● **PROBLEM REQUIREMENTS**
From the entries below, return exactly the lines beginning at the one that contains "Die alternative Trasse" and ending at the one that contains "あらかじめ緊急連絡先を登録し", both of them included, and only those lines.

● **Excerpts from a dataset**

========================

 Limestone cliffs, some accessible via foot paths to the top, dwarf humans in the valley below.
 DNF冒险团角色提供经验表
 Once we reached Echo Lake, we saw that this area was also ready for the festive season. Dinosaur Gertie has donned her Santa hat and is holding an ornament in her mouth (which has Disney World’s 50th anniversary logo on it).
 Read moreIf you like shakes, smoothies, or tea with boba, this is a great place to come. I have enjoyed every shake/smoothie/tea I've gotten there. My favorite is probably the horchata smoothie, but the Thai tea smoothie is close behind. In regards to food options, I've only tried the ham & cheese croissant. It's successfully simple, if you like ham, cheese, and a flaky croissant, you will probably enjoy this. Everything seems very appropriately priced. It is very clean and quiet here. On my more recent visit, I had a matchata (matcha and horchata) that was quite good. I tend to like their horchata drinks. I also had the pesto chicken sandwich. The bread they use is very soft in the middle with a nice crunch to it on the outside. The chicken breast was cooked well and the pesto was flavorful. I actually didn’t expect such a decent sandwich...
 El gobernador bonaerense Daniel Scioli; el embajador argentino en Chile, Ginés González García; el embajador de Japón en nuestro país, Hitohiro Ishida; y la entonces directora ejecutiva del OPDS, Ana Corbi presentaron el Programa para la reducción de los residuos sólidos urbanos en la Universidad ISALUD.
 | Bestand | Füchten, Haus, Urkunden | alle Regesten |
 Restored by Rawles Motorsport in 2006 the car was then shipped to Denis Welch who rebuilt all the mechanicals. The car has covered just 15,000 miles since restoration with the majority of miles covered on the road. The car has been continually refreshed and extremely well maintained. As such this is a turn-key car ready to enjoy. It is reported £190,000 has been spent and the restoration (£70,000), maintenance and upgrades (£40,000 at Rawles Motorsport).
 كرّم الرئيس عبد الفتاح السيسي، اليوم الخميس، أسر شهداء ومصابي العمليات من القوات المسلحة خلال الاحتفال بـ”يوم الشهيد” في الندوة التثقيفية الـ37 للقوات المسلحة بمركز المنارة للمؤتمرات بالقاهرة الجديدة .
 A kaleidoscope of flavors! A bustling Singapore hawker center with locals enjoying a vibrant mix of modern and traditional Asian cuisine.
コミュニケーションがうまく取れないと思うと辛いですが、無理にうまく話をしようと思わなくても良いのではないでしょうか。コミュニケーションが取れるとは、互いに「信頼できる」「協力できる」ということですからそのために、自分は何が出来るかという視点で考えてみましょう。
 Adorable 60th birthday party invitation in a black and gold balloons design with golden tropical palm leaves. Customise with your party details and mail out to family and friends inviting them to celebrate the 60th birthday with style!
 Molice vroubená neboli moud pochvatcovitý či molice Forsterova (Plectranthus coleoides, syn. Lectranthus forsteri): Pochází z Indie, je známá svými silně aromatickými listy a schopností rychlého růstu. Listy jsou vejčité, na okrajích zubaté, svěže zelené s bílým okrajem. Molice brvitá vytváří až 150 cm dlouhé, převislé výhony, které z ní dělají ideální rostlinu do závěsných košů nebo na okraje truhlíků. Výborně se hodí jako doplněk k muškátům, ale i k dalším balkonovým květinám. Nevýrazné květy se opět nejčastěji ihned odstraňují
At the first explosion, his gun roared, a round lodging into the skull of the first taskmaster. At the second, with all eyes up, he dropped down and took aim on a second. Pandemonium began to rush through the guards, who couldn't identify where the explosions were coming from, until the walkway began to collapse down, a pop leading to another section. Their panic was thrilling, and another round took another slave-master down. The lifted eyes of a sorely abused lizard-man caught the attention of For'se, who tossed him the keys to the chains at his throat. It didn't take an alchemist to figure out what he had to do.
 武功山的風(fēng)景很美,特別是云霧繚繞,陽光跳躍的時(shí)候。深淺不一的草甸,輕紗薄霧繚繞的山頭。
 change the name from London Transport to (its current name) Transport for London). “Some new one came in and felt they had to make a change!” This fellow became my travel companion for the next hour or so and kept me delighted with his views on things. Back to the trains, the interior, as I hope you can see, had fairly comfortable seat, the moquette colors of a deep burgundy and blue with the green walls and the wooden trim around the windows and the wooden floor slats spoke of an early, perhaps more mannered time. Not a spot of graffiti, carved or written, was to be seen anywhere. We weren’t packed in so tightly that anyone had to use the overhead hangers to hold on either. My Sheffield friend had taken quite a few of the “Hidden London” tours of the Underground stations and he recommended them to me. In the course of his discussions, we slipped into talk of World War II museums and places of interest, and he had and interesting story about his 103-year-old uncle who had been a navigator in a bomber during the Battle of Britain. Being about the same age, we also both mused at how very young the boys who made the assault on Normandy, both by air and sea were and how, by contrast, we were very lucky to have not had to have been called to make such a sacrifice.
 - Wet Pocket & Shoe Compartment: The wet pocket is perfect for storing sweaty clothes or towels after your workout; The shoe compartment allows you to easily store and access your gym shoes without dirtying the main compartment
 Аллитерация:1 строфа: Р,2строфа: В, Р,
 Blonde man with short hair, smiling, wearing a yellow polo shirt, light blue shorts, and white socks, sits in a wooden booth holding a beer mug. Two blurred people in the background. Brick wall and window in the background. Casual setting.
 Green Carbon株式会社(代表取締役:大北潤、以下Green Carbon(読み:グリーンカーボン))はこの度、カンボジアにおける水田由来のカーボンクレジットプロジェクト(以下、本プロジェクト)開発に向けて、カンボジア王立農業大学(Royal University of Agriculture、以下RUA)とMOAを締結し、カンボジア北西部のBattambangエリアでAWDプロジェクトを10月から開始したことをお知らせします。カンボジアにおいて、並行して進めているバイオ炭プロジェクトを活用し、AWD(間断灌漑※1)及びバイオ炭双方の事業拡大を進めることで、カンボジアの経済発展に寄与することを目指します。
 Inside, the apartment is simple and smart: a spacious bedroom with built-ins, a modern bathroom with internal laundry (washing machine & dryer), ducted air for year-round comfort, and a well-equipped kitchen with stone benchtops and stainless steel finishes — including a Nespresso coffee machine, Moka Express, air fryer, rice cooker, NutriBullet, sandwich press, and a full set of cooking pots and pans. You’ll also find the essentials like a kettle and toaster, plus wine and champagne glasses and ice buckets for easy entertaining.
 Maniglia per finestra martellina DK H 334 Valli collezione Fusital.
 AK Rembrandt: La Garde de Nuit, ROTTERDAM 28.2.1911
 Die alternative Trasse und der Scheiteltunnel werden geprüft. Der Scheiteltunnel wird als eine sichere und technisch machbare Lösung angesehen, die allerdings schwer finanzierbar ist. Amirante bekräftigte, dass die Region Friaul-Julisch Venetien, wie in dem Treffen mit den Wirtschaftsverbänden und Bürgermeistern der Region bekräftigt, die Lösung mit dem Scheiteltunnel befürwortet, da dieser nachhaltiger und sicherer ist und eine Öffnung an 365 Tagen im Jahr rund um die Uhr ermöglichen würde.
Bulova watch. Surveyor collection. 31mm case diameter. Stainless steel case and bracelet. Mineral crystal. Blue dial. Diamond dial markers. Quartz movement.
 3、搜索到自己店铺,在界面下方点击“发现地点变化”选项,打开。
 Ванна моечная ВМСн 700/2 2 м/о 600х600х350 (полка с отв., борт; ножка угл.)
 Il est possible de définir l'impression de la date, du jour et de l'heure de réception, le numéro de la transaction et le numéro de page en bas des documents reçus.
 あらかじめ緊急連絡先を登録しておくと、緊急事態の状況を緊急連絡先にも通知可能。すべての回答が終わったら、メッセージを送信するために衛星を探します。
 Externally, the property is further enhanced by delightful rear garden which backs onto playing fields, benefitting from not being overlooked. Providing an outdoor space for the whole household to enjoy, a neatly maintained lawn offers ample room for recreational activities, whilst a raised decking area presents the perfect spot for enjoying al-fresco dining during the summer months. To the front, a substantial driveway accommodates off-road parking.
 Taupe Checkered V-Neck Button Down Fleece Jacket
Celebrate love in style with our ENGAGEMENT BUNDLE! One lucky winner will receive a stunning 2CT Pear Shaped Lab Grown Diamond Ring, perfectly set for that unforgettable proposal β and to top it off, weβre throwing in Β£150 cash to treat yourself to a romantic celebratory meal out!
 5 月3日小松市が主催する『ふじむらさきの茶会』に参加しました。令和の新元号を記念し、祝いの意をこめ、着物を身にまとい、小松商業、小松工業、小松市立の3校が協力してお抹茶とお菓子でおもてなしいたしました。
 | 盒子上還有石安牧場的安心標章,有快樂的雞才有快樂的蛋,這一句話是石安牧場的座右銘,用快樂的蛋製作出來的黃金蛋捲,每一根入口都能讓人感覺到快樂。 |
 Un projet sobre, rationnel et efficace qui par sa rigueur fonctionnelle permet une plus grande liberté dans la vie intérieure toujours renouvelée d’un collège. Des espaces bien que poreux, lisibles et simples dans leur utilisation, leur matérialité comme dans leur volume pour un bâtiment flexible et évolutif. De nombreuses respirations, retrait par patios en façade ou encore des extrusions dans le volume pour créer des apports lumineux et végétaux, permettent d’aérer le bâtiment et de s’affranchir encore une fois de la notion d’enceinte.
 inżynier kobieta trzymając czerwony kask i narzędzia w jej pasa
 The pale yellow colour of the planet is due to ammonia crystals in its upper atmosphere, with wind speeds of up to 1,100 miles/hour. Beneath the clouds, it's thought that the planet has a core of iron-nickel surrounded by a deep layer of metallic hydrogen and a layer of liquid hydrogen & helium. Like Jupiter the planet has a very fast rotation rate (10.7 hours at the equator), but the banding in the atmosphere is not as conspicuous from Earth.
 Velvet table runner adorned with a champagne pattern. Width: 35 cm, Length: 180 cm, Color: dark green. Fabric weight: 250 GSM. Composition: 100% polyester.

========================

● **SOLUTION TO THIS PROBLEM**
 Die alternative Trasse und der Scheiteltunnel werden geprüft. Der Scheiteltunnel wird als eine sichere und technisch machbare Lösung angesehen, die allerdings schwer finanzierbar ist. Amirante bekräftigte, dass die Region Friaul-Julisch Venetien, wie in dem Treffen mit den Wirtschaftsverbänden und Bürgermeistern der Region bekräftigt, die Lösung mit dem Scheiteltunnel befürwortet, da dieser nachhaltiger und sicherer ist und eine Öffnung an 365 Tagen im Jahr rund um die Uhr ermöglichen würde.
Bulova watch. Surveyor collection. 31mm case diameter. Stainless steel case and bracelet. Mineral crystal. Blue dial. Diamond dial markers. Quartz movement.
 3、搜索到自己店铺,在界面下方点击“发现地点变化”选项,打开。
 Ванна моечная ВМСн 700/2 2 м/о 600х600х350 (полка с отв., борт; ножка угл.)
 Il est possible de définir l'impression de la date, du jour et de l'heure de réception, le numéro de la transaction et le numéro de page en bas des documents reçus.
 あらかじめ緊急連絡先を登録しておくと、緊急事態の状況を緊急連絡先にも通知可能。すべての回答が終わったら、メッセージを送信するために衛星を探します。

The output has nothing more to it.